IBM Integration Bus enables information packaged as messages to flow between different business applications, ranging from large traditional systems through to unmanned devices such as sensors on pipelines.
Figure 1 : The architectural overview of the IBM Integration Bus
Using the IBM Integration Bus, it is possible to connect applications together, regardless of the message formats or protocols that they support.
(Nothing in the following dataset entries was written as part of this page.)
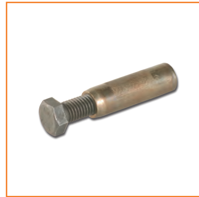
Ground Rod Coupling Threaded with Driving Stud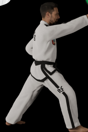
Walking Stance High Punch Gunnun So Nopunde Jirugi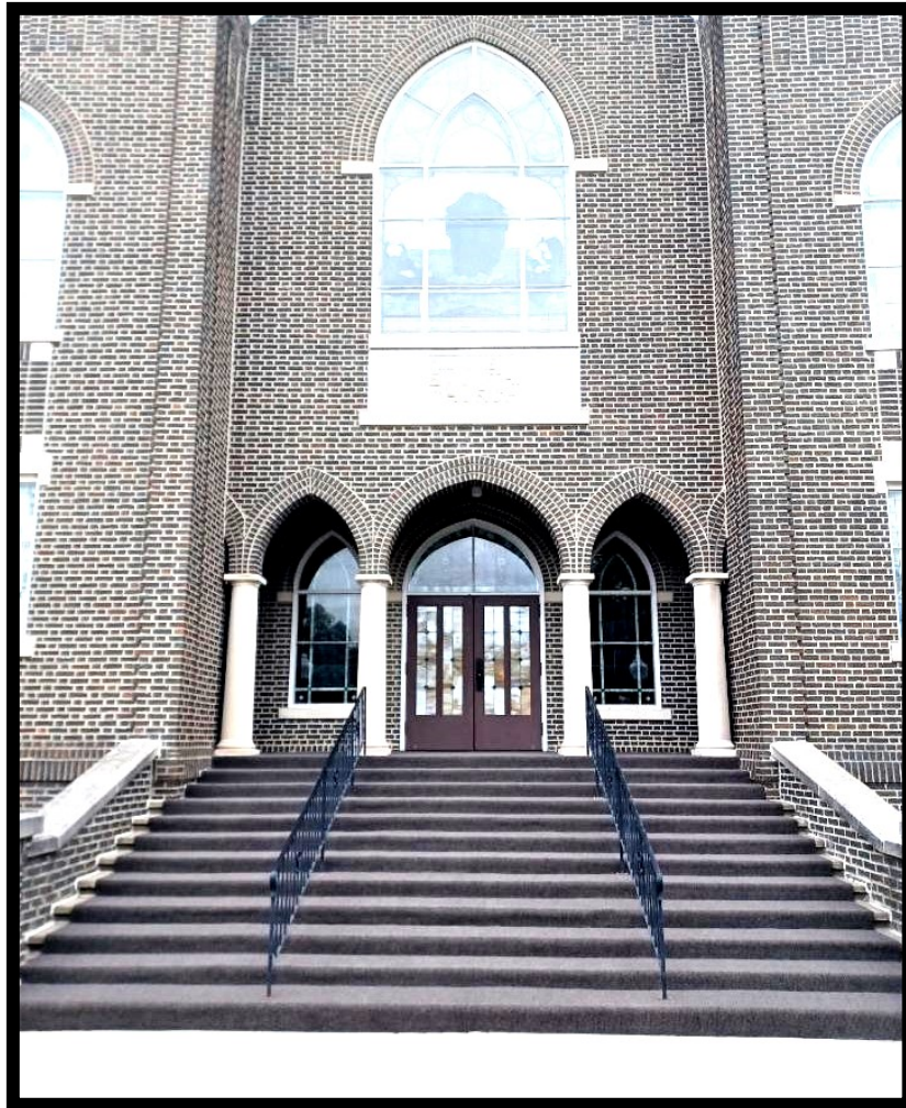
New Carpet Welcomes the Faithful to St. Matthew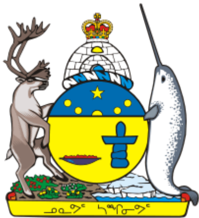
Obrázek 2 Coat of Arms of Nunavut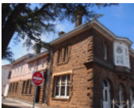
H0618 FORMER ARARAT SUB-TREASURY AND POST OFFICE LHA 2015 2.JPG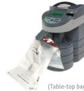
(Table-top bagging configuration)

This connectivity means that your diverse applications can interact and exchange data with other applications in a flexible, dynamic, and extensible infrastructure.
The interactions with the IBM Integration Bus can be broadly classified in to two categories:
Application, development, test and deployment
- Patterns provide reusable solutions that encapsulate a tested approach to solving a common architecture, design, or deployment task in a particular context.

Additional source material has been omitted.